Signed-off-by: Jiang Jiacheng <jiangjiacheng@xxxxxxxxxx>
---
 src/security/security_apparmor.c | 91 +++++++++++---------------------
 1 file changed, 31 insertions(+), 60 deletions(-)

diff --git a/src/security/security_apparmor.c b/src/security/security_apparmor.c
index 36e8ce42b5..64b57f6a22 100644
--- a/src/security/security_apparmor.c
+++ b/src/security/security_apparmor.c
@@ -70,9 +70,9 @@ struct SDPDOP {
 static int
 profile_status(const char *str, const int check_enforcing)
 {
-    char *content = NULL;
-    char *tmp = NULL;
-    char *etmp = NULL;
+    g_autofree char *content = NULL;
+    g_autofree char *tmp = NULL;
+    g_autofree char *etmp = NULL;
     int rc = -2;
 
     /* create string that is '<str> \0' for accurate matching */
@@ -87,7 +87,7 @@ profile_status(const char *str, const int check_enforcing)

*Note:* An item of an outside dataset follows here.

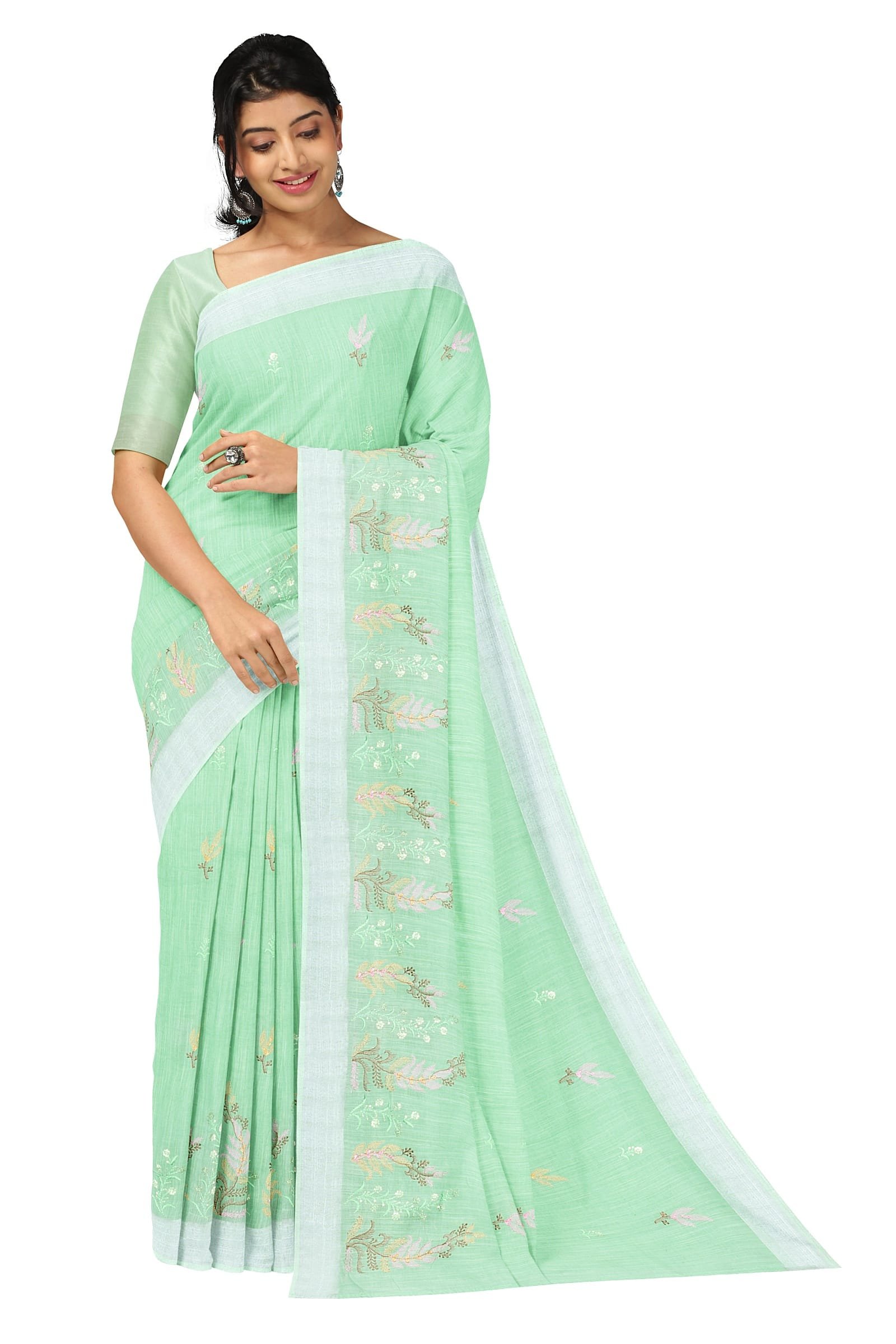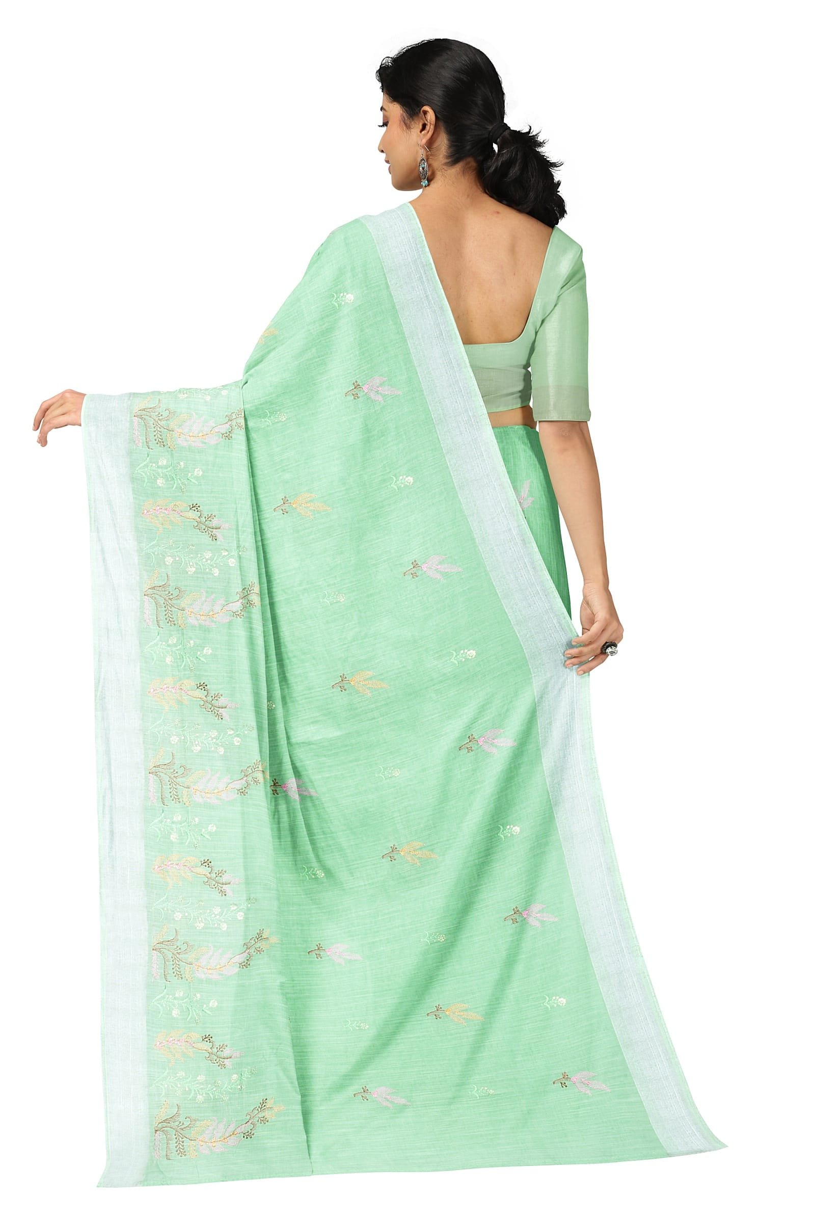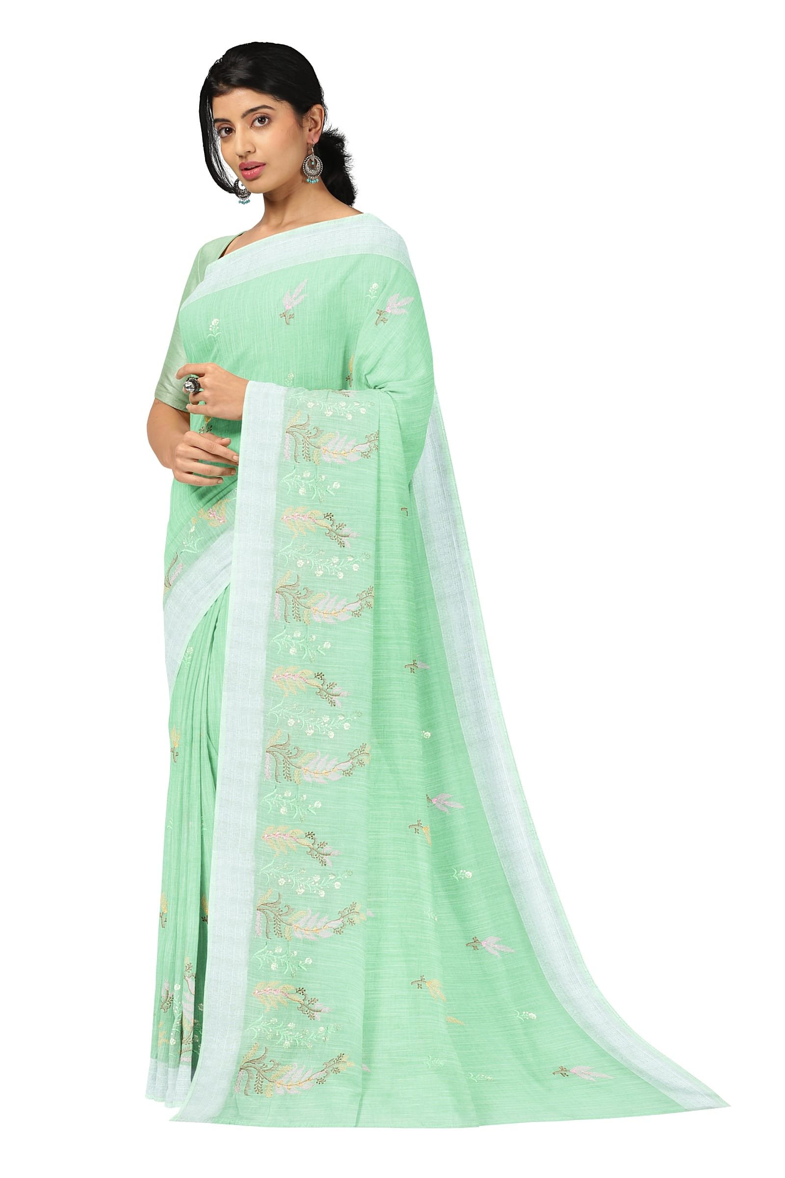 Bhagalpuri linen blend sarees embody a beautiful blend of solid, earthy tones that evoke a sense of grounding and elegance. Enhanced with metallic zari borders, intricate woven patterns, or subtle prints, these sarees carry a timeless charm. The inclusion of a contrast blouse piece or border infuses a contemporary flair into the traditional design, celebrating both heritage and modernity.

         virReportSystemError(errno,
                              _("Failed to read AppArmor profiles list "
                              "\'%s\'"), APPARMOR_PROFILES_PATH);
-        goto cleanup;
+        return -2;
     }
 
     if (strstr(content, tmp) != NULL)
@@ -99,11 +99,6 @@ profile_status(const char *str, const int check_enforcing)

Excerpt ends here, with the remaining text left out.